> SUPPLIED INFORMATION
--------------------

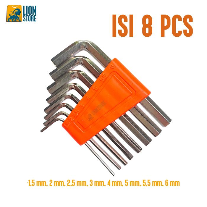 VHT KUNCI HEX KEY L FLAT SET 8 PC 1.5 - 6 MM PENDEK / KUNCI L SET Lengkap
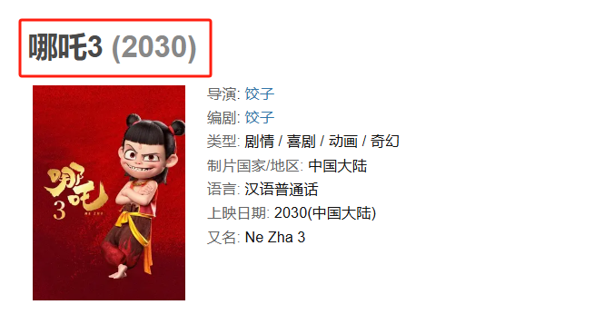 《哪吒3》計(jì)劃上映時(shí)間又改回2028
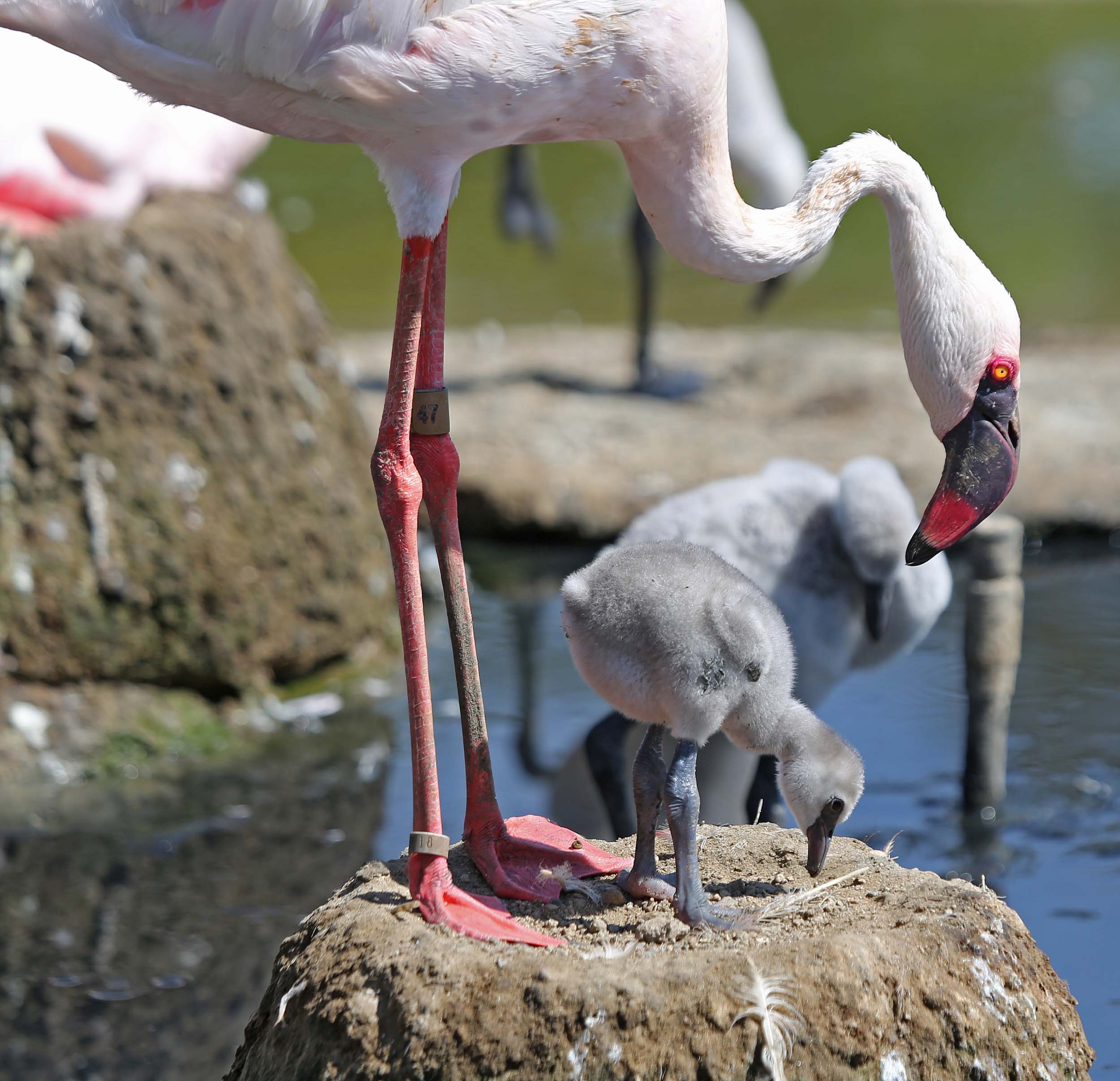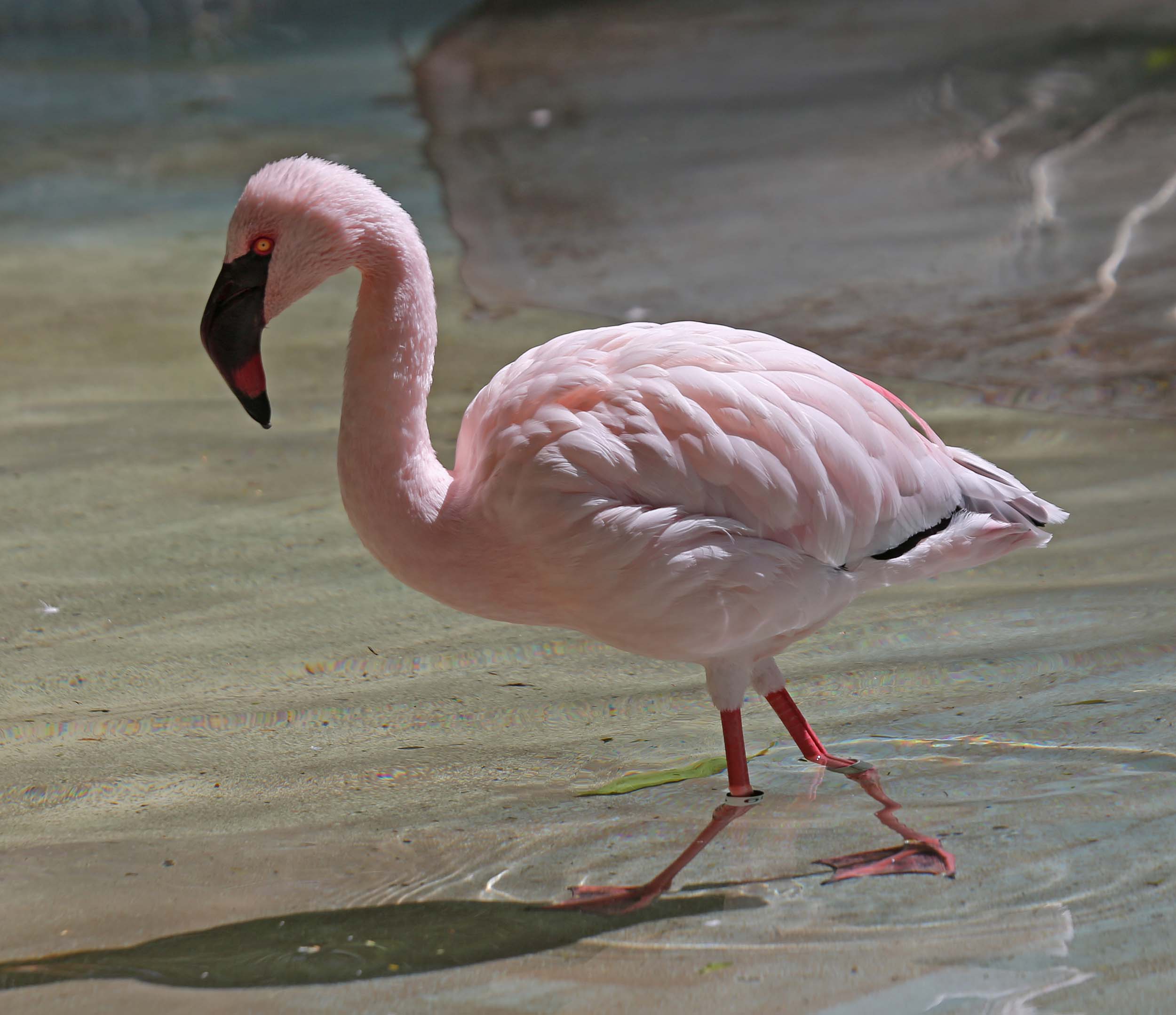 The Lesser Flamingo mainly resides in Africa with another population in India. They are the smallest species of flamingos. Most of the plumage is pinkish white and the bill is blacker than the Greater Flamingo.

--------------------

Transcribe the whole listing exactly but exclude images.

> RESULT
 VHT KUNCI HEX KEY L FLAT SET 8 PC 1.5 - 6 MM PENDEK / KUNCI L SET Lengkap
 《哪吒3》計(jì)劃上映時(shí)間又改回2028
 The Lesser Flamingo mainly resides in Africa with another population in India. They are the smallest species of flamingos. Most of the plumage is pinkish white and the bill is blacker than the Greater Flamingo.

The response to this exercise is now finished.